*DATA SUPPLIED:*
- - - - -
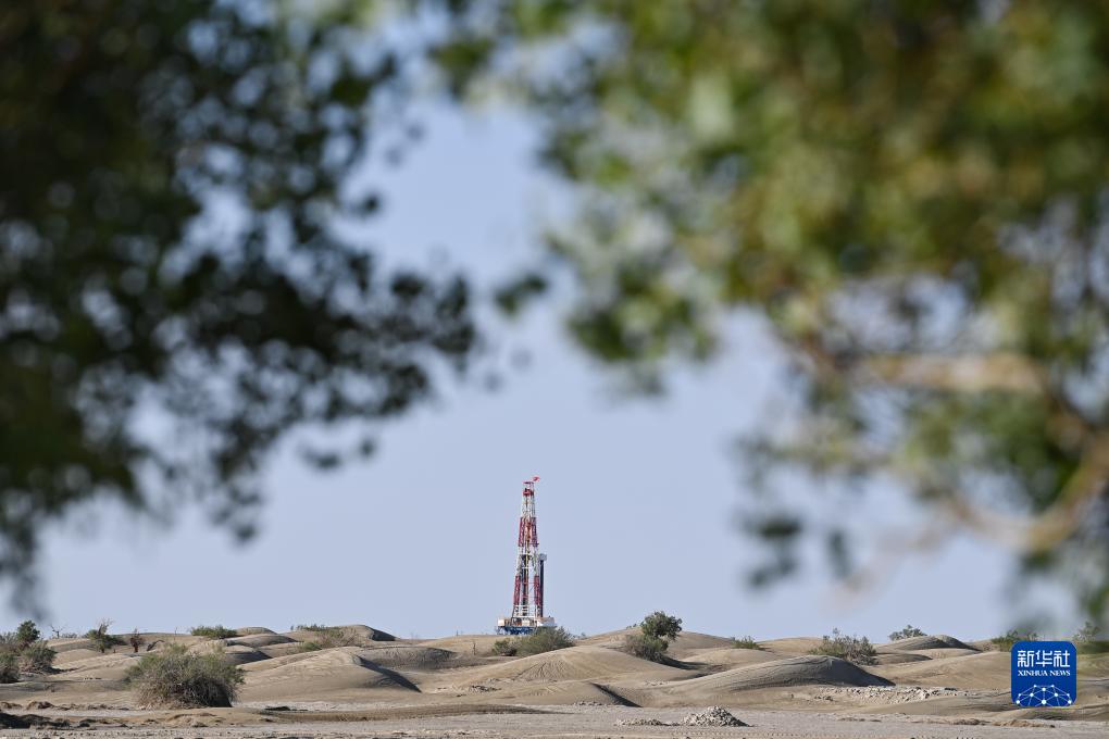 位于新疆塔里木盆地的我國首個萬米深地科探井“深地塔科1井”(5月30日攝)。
- - - - -
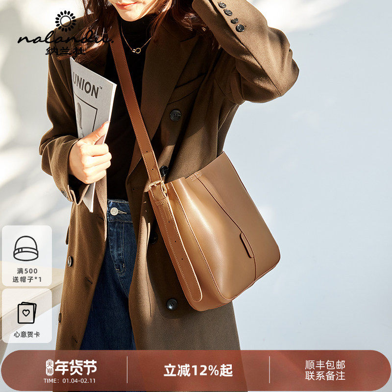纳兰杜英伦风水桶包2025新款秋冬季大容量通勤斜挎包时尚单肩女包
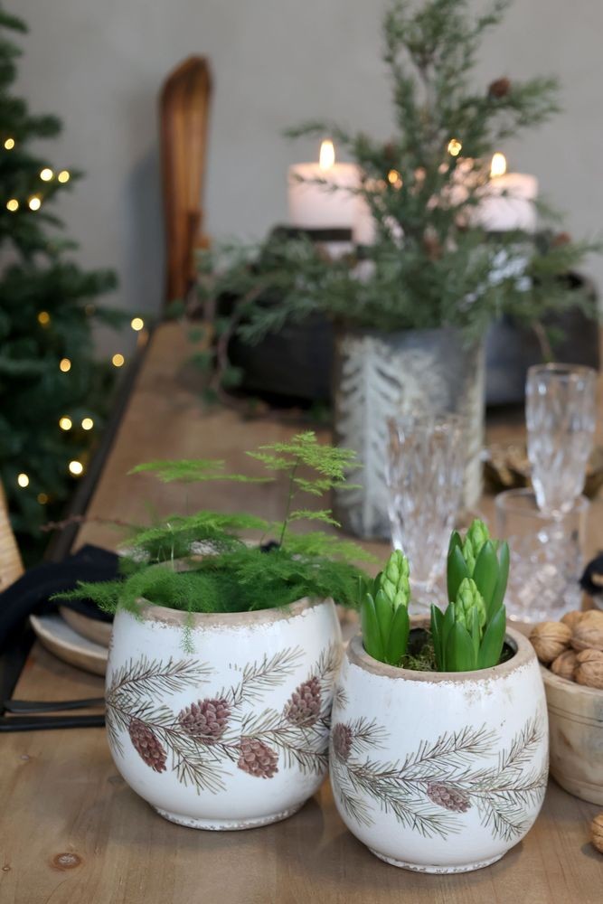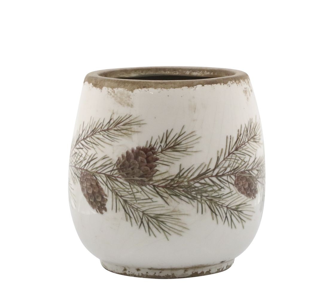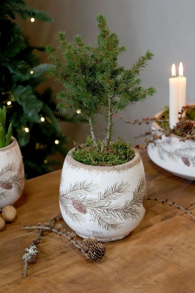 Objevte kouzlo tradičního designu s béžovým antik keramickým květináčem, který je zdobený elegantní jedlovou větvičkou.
- - - - -
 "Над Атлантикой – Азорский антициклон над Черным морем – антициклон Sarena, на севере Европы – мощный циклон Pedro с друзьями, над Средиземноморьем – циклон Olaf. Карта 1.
- - - - -
*YOUR GOAL:* Retype, exactly and with no pictures, everything above from the line with "纳兰杜英伦风水桶包2025新款秋冬季大容量通勤斜挎包时尚单肩女包" down to the line with "Objevte kouzlo tradičního", both included.

*SOLUTION TO THE PROBLEM:*
纳兰杜英伦风水桶包2025新款秋冬季大容量通勤斜挎包时尚单肩女包
 Objevte kouzlo tradičního designu s béžovým antik keramickým květináčem, který je zdobený elegantní jedlovou větvičkou.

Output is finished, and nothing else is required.